- Flag Coat of arms
- Coordinates (Bartniczka): 53°15′N 19°36′E﻿ / ﻿53.250°N 19.600°E
- Country: Poland
- Voivodeship: Kuyavian-Pomeranian
- County: Brodnica
- Seat: Bartniczka

Area
- • Total: 83.35 km^{2} (32.18 sq mi)

Population (2011)
- • Total: 4,714
- • Density: 57/km^{2} (150/sq mi)
- Website: http://ugbartniczka.pl/

= Gmina Bartniczka =

Gmina Bartniczka is a rural gmina (administrative district) in Brodnica County, Kuyavian-Pomeranian Voivodeship, in north-central Poland.

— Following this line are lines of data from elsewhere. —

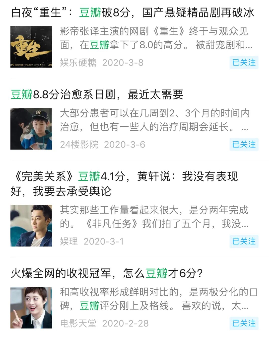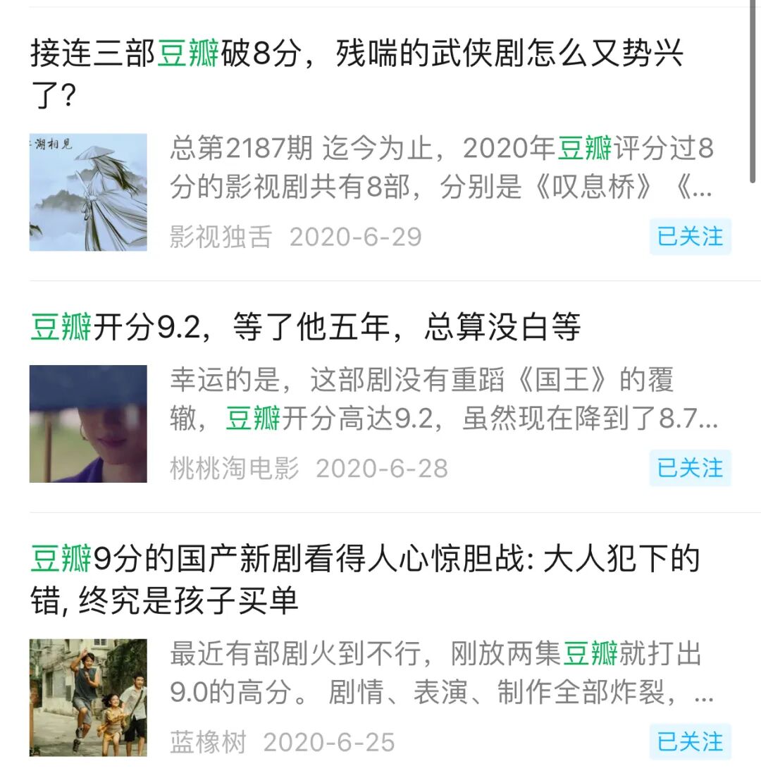 另一可供佐证的,是上星剧比纯网播剧更难被控分,说到底还是受众广泛,路人评分基数大。三是这几年大家言必称豆瓣分,让豆瓣影视评分几乎已成为圈内唯一可参考的标尺。以豆瓣评分的系统机制,两三年前影视公司和粉丝想要刷分,恐怕要付出高昂的成本去搞定权重高的活跃号。但经过两三年的大批量养号,无论是粉丝还是专业团队,手里恐怕都已养出大量可供打分的活跃账号了。我在微博diss近期豆瓣国产剧分数发大水时,有人在底下回复:这就过于武断了。最简单的逻辑,如果国产剧的豆瓣分真的没用,粉丝和利益相关方又何必耗费时间和金钱,去求一个不错的分数呢?
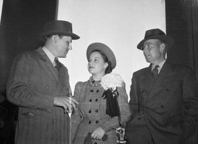 Texas Wesleyan College (T. W. C.) vs. Howard Payne University football game spectator Mrs. J. R. Stuart from Strawn, Texas. Mrs. Stuart is wearing a dress with a large flower pinned to the lapel and a hat. She is talking to two men on either side of her who are both wearing suits, ties and hats. Star-Telegram Morning, November 3 1940.
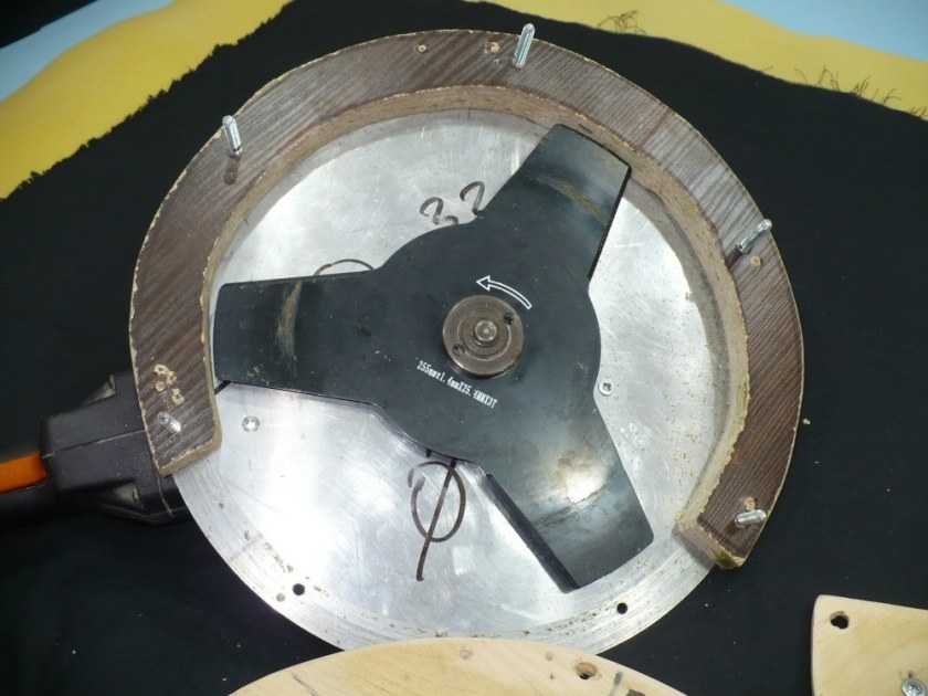 Последним действием считается присоединение режущего блока с валом мотора при помощи ремня. Все, конструкция сделана.
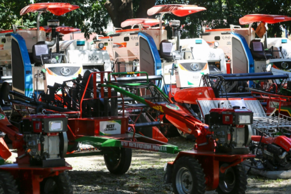 In partnership with the Philippine Center for Postharvest and Mechanization, participating farmer cooperatives received six units of hand tractors, 10 units of combine harvester, two units of multi-pass rice mill, and one unit walk behind a transplanter.
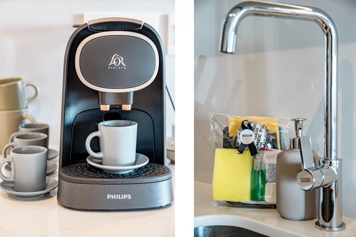 In the electric open-plan kitchen, you will find a refrigerator, microwave, oven, freezer, washing machine, dryer, dishwasher, dishes/cutlery, kitchen utensils, coffee machine, and juicer.
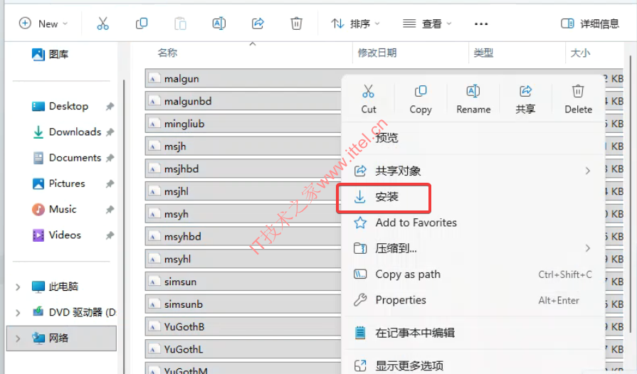 - 解压之后,按 Ctrl+A选择全部字体文件
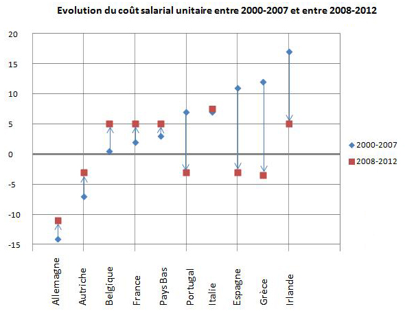 L'évolution de la compétitivité dans les différents pays montre qu'il faut distinguer deux périodes. A partir du milieu des années 1990 environ, la productivité augmente de la même façon en France, Allemagne et Autriche, mais en France les salaires augmentent au même rythme que la productivité alors que dans les deux autres pays le coût réel du travail est en baisse (réformes Hartz/Schröder en Allemagne au milieu des années 2000), si bien qu'au total le coût unitaire baisse fortement. A partir de 2008 la situation change. La productivité cesse d'augmenter dans les pays dits nordiques, France compris, alors qu'elle augmente très fortement dans les pays dits du Sud, particulièrement en Espagne et sauf en Italie. Les salaires quant à eux augmentent de façon à peu près identique dans les pays du Nord, qui doivent faire un effort en jouant sur la baisse de leurs marges, ce qui s'applique à la France, mais aussi à l'Allemagne dans une moindre mesure.

Its seat is the village of Bartniczka, which lies approximately 14 km east of Brodnica and 70 km east of Toruń.

The gmina covers an area of 83.35 km2, and as of 2006 its total population is 4,570 (4,714 in 2011).

The gmina contains part of the protected area called Górzno-Lidzbark Landscape Park.

==Villages==
Gmina Bartniczka contains the villages and settlements of Bartniczka, Belfort, Długi Most, Gołkówko, Grążawy, Gutowo, Igliczyzna, Iły, Jastrzębie, Komorowo, Koziary, Łaszewo, Nowa Igliczyzna, Nowe Świerczyny, Radoszki, Samin, Skrobacja, Sokołowo, Stare Świerczyny, Świerczynki, Wilamowo and Zdroje.

==Neighbouring gminas==
Gmina Bartniczka is bordered by the gminas of Brodnica, Brzozie, Górzno, Lidzbark and Świedziebnia.